【发布时间】:2020-08-01 21:02:42
【问题描述】:
这不是一个问题。这也是我的第一篇文章。我不是新手,但我也只是 awk 的初学者。
最近我需要从最初未存储为 xml 的两组数据中生成一些 .xml 配置文件。
我搜索了很多关于 AWK 的帮助,但我意识到 99% 的提供的脚本都使用了高级 AWK 技术,这让初学者很难理解。我相信这会降低兴趣并提高学习曲线。
EG。 awk '{/ERROR/}' /log/messages
对于一个不怎么做 awk 脚本的人来说不太容易知道那里发生了什么,但它确实可以做很多事情。
所以在这里我将提供一个新手来完成这样的任务。作为回报
我想提出建议
- 更优化的新手版本。
- 经过优化的高级版本,带有适当的解释,有助于过渡。
$./test1.awk Samfig2.cfg user1.tsv $ls 配置文件* cfg2ZR6ZS29XXOF.xml cfg42IXEIGOQ0FG.xml cfg759YUZKTS368.xml cfgNTQALYCPLE06.xml cfgYDMWJVLO6YWS.xml
test1.awk
#!/usr/bin/awk -f
BEGIN {
configfile=ARGV[1]
Userfile=ARGV[2]
if (ARGV[2] == "") {
print "ERROR: Need two files Usage "ENVIRON["_"]" Config.cfg Users.tsv" >"/dev/stderr"
exit }
ARGV[1] = "" # We want to control the manipulation of files
ARGV[2] = ""
FS = "=" ; # this is being done dynamically, no need here (oh yes setting here cause almost 90% execution reduction)
getline Header < Userfile; # advance the Header line and get the headers
gsub("\r","",Header); # My production version doesnt need this but the sample data seem to include \r on the end field
HeaderN=split(Header,Headarray,"\t");
# Expand begin block to include {} below to prevent pause for input }
#{
while ((getline User < Userfile) >0 ) # Read row from field into variable User do all the blocks below based on the number of records in Userfile.
{
gsub("\r","",User); # My production version doesnt need this but the sample data seem to include \r on the end field
n=split(User,Detailsarray,"\t"); # split row stored in User into array called Detailsarray n stores the total number of elements with FS =\t
filetostore=("cfg" Detailsarray[HeaderN] ".xml"); # Were are storing each file based on Last Header value in the user file
Recordtmp="" #To reduce file IO will append to string then output later.

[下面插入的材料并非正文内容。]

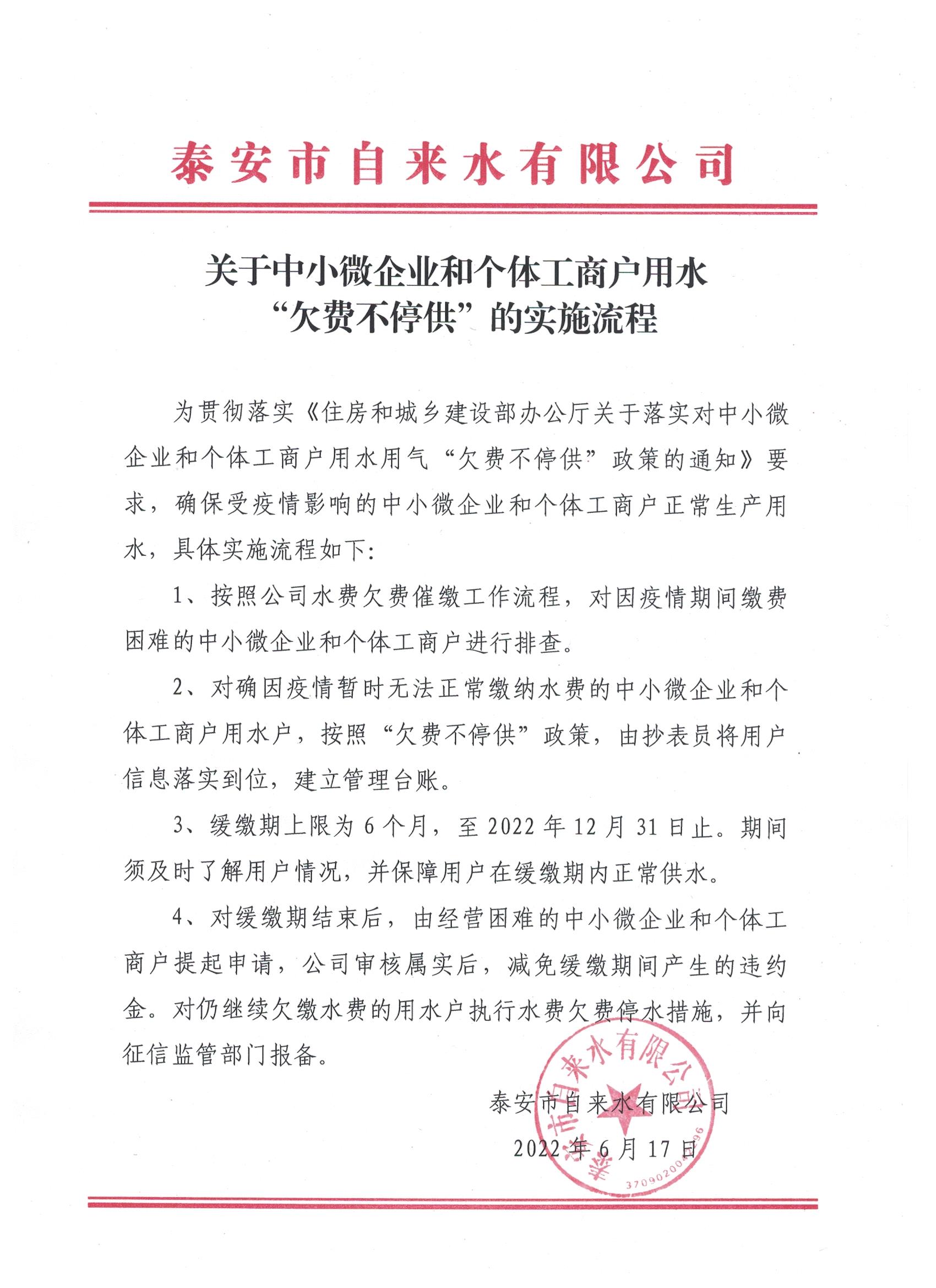 您当前位置》政策法规》关于中小微企业和个体工商户用水“欠费不停供”的实施流程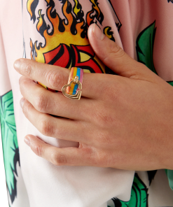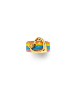 The stripe heart ring is crafted from gold-plated brass and enamel. Completed with a gold-plated inner band with an external stripe enamel and a gold-plated heart held by a gold-plated head.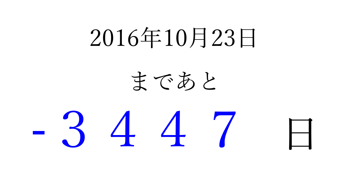 2016年10月23日(日)は もう 0000 日過ぎました 追加すると、トップページからすぐ選べるようになります ※2026/04/01現在の結果です。 最新の状態に更新する ↓シェアして、タイムライン上にカウントダウンを表示しよう!↓ 📤 この結果を共有する Tweet シェア Threads Bluesky 別の日付でカウントダウン 2016年10月のカレンダー このページをブックマークに追加すると、いつでもカウントダウンを確認できます。 (PC: Ctrl+D / Mac: ⌘+D) hitome-notes.comでは以下のページも運営しています。 指定日と期間から日付を計算 | ガチャ確率計算・シミュレーション | プライバシー・ポリシー 運営者:Avocado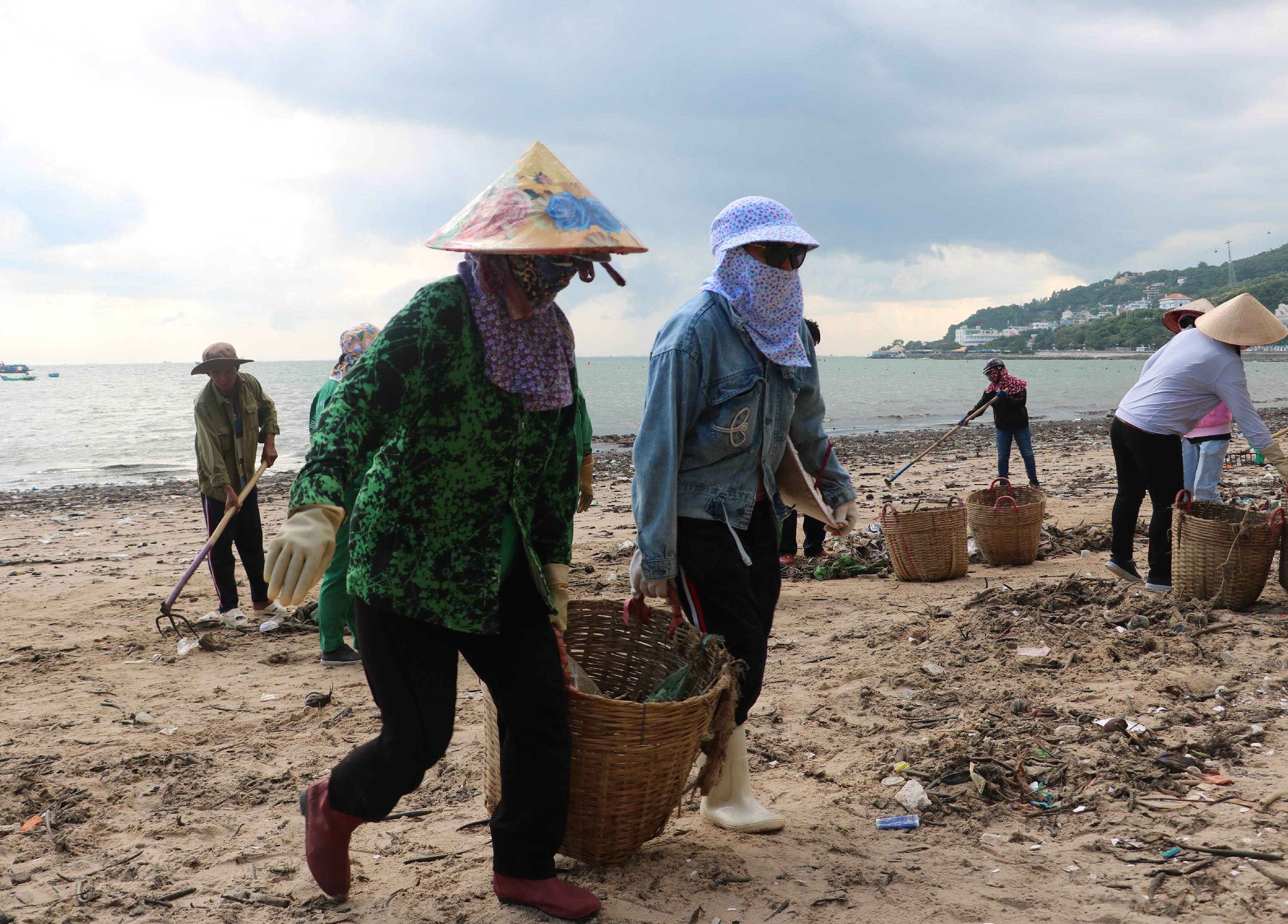 Trên bờ, hàng chục công nhân Công ty CP dịch vụ môi trường và công trình đô thị TP Vũng Tàu kéo vớt, thu gom rác để xe chuyên dụng tới chở đi xử lý.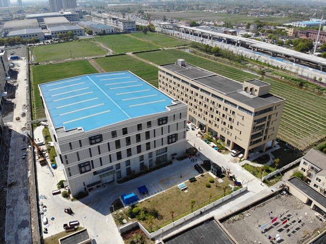 经过96个小时的日夜奋战,4月14日,奉贤区第二座方舱医院(02基地)由五建集团建成并交付。该方舱医院总建筑面积17005平方米,拥有2022张床位。五建集团发挥专业优势,火速集结建设人员,跨省调运购买物资,建设高峰期有580名工人同时开展建设,不计代价、日夜赶工、如期交付,为尽快实现疫情社会面清零提供了保障。 该项目位于奉贤区金海路以西、汇丰北路以北产业园区内,总建筑面积17005平方米,对已有建筑1#隔离楼、2#隔离楼进行改造。病房区由高1.1米防火板分隔组成每2.5米x3米包含2张病床的隔离区,共提供约2022张床位,每个楼层内还包括人员生活配套用房、医护站、消毒间、床上用品等。在室外厂区内组建医务人员办公区、休息区、更衣区、污物区、物资储藏区等紧急板房,最后搭设环形临时围挡分隔污染区确保人员安全。 |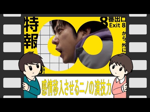 このチャンネルは映画好きの兄弟が週に 1 本作品を選定し、好き勝っておしりするチャンネルです。 [音楽] ありの穂高です。弟のみさです。 今週紹介する作品はこちら。 8番出口。 はい。ということで、え、現在劇場で公開されている 8番出口を2人で見ましたけれども はい。 えっと、ま、予告見る限りだとちょっと全然どういう話か分からなくて、え、元々映画が原作ということらしいんですけれども、全然僕そういうゲームを知らない状態で [音楽] うん。 見に行きました。結構お客さん入ってましたよ。 あ、やっぱ入ってた結構。 うん。 こっちもまあまあ入ってたね。もう普段映画見なそうな なんかこう 中高生みたいな人もまあまあいて。 あ、本当こっちは結構年齢が高めだったな。ま、朝早かったかも。うん。う ん。2、2 って人気なんだなっと思ったよ。 ああ、ほんまやな。 人気なやな。 うん。うん。 で、え、監督が、え、川村元貴さんと [音楽] はい。 川村元気さんの映画って監督やってる映画は初めて見たかもしんないな、僕。 そうやね。 あ、プロデューサーはね、ちょこちょこ見てる気がするけど。 うん。うん。ね。やっぱ1 作たくさん作ってるから。 うん。 あれだけど監督の作品はもしかしたら初めて見たかもしんないですけど。 うん。うん。うん。 95 分とそんなに長い映画じゃないんですけど。 [音楽] そうね。 うん。面白かったすよ。僕は結構。 ほんま?あ、良かった。 うん。全然何の前知識もいるずに見てたけど。 うん。うん。 な、な、何て言うんだろう。あの、ま、主人公に感情引慮して見れたんじゃないかなと思いますよ。うん。やっぱ、あの、ま、 8 番出口っていうゲーム自体は俺も知ってていけど、そのストーリーっていうのが全くないからゲームとしては うん。うん。 どうすんのかなっていう風に思っててんけど うん。 やっぱ、あの、俺入りの辺りがすごい良かったなと思って。 入りうん。 ずっとその1人称して ああ、そのそうね、あの後ろ背後から取ってるんでもなくって 12章本当に自分の主観ですね。 主観映像。うん。2度、2 度の視点なんだけど2 度は映ってないっていうほと主観の うん。 視点ですね。はい。 そう、そう。 で、入れて、しかも割とこう、ま、実際はどうなんかわからんけど、こう長で取ってたというか、 もうかなりあの、なんて言うんだろう。切ってなかったね。 切ってなかったよね。 うん。 っていう辺りがやっぱその うん。 この状況に入るまでに うん。 なんでこの状況になるん?その日引っかかったらやっぱちょっと入れへんやんか。 うん。うん。うん。 っていうのが割とシームレスに入れたなっていう風には うん。思ったね。 うん。そうだね。あの、撮影は結構通して、あの、別にき、 あの、ずっと あの、か、カットなしみたいな映画ではないんだけれども、結構長回しが多くて うん。多いね。うん。 うん。あの、なんて言うんだろう。やっぱり集中が途切れないよねっていうのが うん。うん。うん。 やっぱりいい映画の条件というか、やっぱ主人公に共感したいから うん。 それをさせてくれるカメラワークであり、あとやっぱりノが うん。 芝居がうまいってのもあるんやけど、リノのなんて言うんやろうな。あのスター性を消す、消すことのできるあの うん。 本当はあんなうつの上がらない人間じゃないのになんかちょっとうつの上がらなさをやられたらすごいうまいっていう。 [音楽] いや、うまいよね、本当に。 うん。 ああ、その通りやわ。 で、全速持ちでいい設定でやっぱちょっと苦しいっていうのもちょっとこっちも苦しくなってくるしね。 うん。 あれはね。うん。あの主人公をやらしたらやっぱりね、本当に素晴らしいと思う。 うん。そうな。 誕生移入しやすいんじゃないかな。 うん。あの、息が浅い感じとかこう集まってる感じね。 うん。で、なんかその接迫というかさ、もうこのイライラというか、ま、ずっと [音楽] 8 番出口を目指してなかなかで出られないという状況がね。 うん。 そこにていうのでうん。 うん。 なんかこのゲームやると うん。 その前から男が歩いていくやんか。 うん。うん。うん。歩く男ね。うん。 で、歩く男。 うん。 で、あの歩く男バージョン、その歩く男がどういうやつやったかっていう背景も実は出てきて あ、この映画でね。うん。 この映画で。うん。 あ、なんか まあまあもちろんそういうことをしないと尺が足りないっていうのはあるんやろうけど うん。 なんか意外とそういうのがあったんやなみたいな。 そうね。あのや、そうなんよ。でもやっぱあれがあるからちょうどこの 90分95分の尺で うん。 うん。 見れたっていうのはずっとあるよな。やっぱりそのずっと 出られへん出られへんっていう 2 度してんだけどやっぱちょっときつかったなっていうのが [音楽] うん。うん。うん。ちょっときついね。 うん。 ああちに移ってなんかやっぱりそこで うん。 お同じ風景でもやっぱり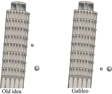 이탈리아의 천문학자 갈릴레이(Galileo Galilei, 1564-1642)는 자신이 고안한 실험[그림 1]을 통해 공기의 저항이 없는 조건에서 지표면 부근의 모든 물체는 질량과 관계없이 동등한 중력가속도를 갖는다고 생각했다. 지구의 중력에 의해 물체는 일정한 높이에서 중력가속도라는 등가속도를 가지며, 중력가속도의 방향은 항상 지구 중심부를 향한다.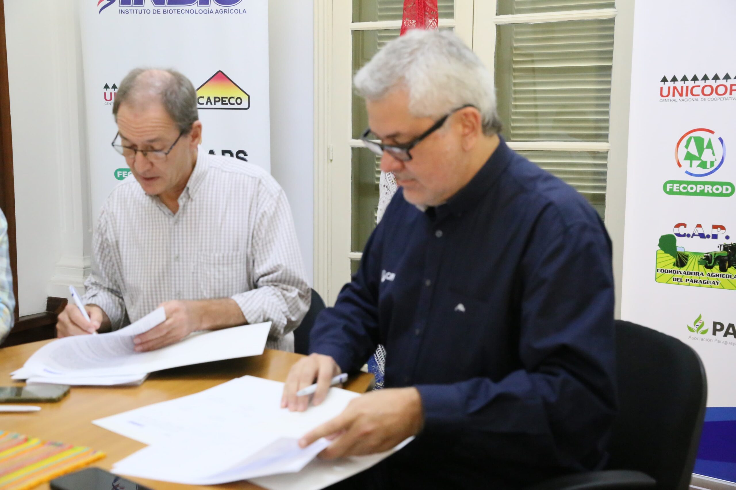 La firma se realizó el 17 de abril en Asunción. Por CAFYF suscribieron: el presidente, Ing. Agr. Francisco Fracchia y el secretario Ing. Agr. Matías Ipiña. Por INBIO, el presidente Alfred Fast y el secretario Hugo Pastore.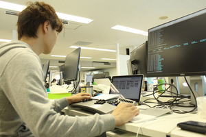 どこで開発するのも自由。自席はプロデューサー、アナリストなどが近くにいてすぐに連携できる環境です。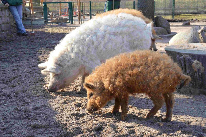 Gestatten, ich bin Alf, der neue Eber im Wollschweingehege. Ich komme aus Thüringen und bin gerade mal drei Monate alt. Später soll ich dafür sorgen, dass immer genügend kleine Streichelschweinchen für die Besucherkinder da sind. Noch bin ich neben meinen drei Mädels zum Eingewöhnen untergebracht. Mann, sind die schön! Und groß! Und knuffig! Sie werden von den Tierpflegern sogar gekämmt! Ich muss sie Euch demnächst unbedingt mal zeigen. Aber jetzt wird wieder gefressen. Schließlich will ich ganz schnell so groß werden wie meine drei Bräute in spe.

Recordtmp ="<?xml version=\42""1.0\42 encoding=\42utf-8\42?>"; #\42 is the double quote ". Result is <?xml version="1.0" encoding="utf-8"?>
#without the "" set you would get <?xml version=.0" encoding="utf-8"?> as it would interpret as \421
Recordtmp = Recordtmp "\n<users_provision version=\42""1\42>";
Recordtmp = Recordtmp "\n<config version=\42""1\42>";
for(i=1; i<=HeaderN; i++) # We could also use n instead of HeaderN but just incase I'm maintaining base on the initial header
Recordtmp = Recordtmp "\n <" Headarray[i] ">" Detailsarray[i] "</" Headarray[i] ">";
while ((getline < configfile) >0 )
{
Recordtmp = Recordtmp "\n <" $1 ">" $2 "</" $1 ">";
}
Recordtmp = Recordtmp "\n</config>";
Recordtmp = Recordtmp "\n</users_provision>\n";
close(configfile);
print (Recordtmp)> filetostore;
close(filetostore);
}
#}
# END { # Had to expand begin block to avoid pause issue
close(Userfile);
}
Samfig.cfg
URL=msn.com
Dealer=RealtorSales
SQRFT=3600
Taxes=6000
Asking=1,800,000
Built=July/2019
Listed=07/12/2109
MSRP=2,000,000
Kitchen=5
Baths=2.5
floors=3
Rooms=5
user1.tsv
Name StreeNum StreetName City State ZIP IDcard
Ashanti Simmons 138 Jockey Hollow Avenue Phillipsburg NJ 08865 2ZR6ZS29XXOF
Bobby Marshall 7985 E. Beech Road Flemington NJ 08822 YDMWJVLO6YWS
Marianna Quinn 8950 Main St. Moses Lake WA 98837 42IXEIGOQ0FG
Jaslyn Fuentes 9581 Lafayette Dr. Hummelstown PA 17036 NTQALYCPLE06
Cory Jordan 26 Randall Mill Street Bay City MI 48706 759YUZKTS368
cfg2ZR6ZS29XXOF.xml的内容
<?xml version="1.0" encoding="utf-8"?>
<users_provision version="1">
<config version="1">
<Name>Ashanti Simmons</Name>
<StreeNum>138</StreeNum>
<StreetName>Jockey Hollow Avenue</StreetName>
<City>Phillipsburg</City>
<State>NJ</State>
<ZIP>08865</ZIP>
<IDcard>2ZR6ZS29XXOF</IDcard>
<URL>msn.com</URL>
<Dealer>RealtorSales</Dealer>
<SQRFT>3600</SQRFT>
<Taxes>6000</Taxes>
<Asking>1,800,000</Asking>
<Built>July/2019</Built>
<Listed>07/12/2109</Listed>
<MSRP>2,000,000</MSRP>
<Kitchen>5</Kitchen>
<Baths>2.5</Baths>
<floors>3</floors>
<Rooms>5</Rooms>
</config>
</users_provision>
这些可以做的改进。
- 从命令行将 FS/split 值读入变量。
- 如果配置文件中存在的默认值在数据文件中不为空,则仅替换它。
【问题讨论】:
-
(嗯,我无法获取要清理的初始“调用脚本”代码的格式,即
$./test1.awk等)否则您似乎对@987654327 @工作。我不明白你的评论# Expand begin block to include {} below to prevent pause for input。有时最好的解决方案是在BEGIN{}或END{}内进行所有处理。如果你输出的 XML 通过xmllint验证,就宣告胜利!从awk获得更多高级特性 XML 是一个真正的“学习机会”,请参阅xmlawk(将尝试找到链接)。祝你好运。 -
sourceforge.net/projects/gawkextlib 可能会有所帮助(代价是学习曲线更陡峭;-))。祝你好运。
-
因为我取消了 ARGV 值,所以当脚本写入中间块时,awk 暂停了脚本等待用户输入。因此是评论。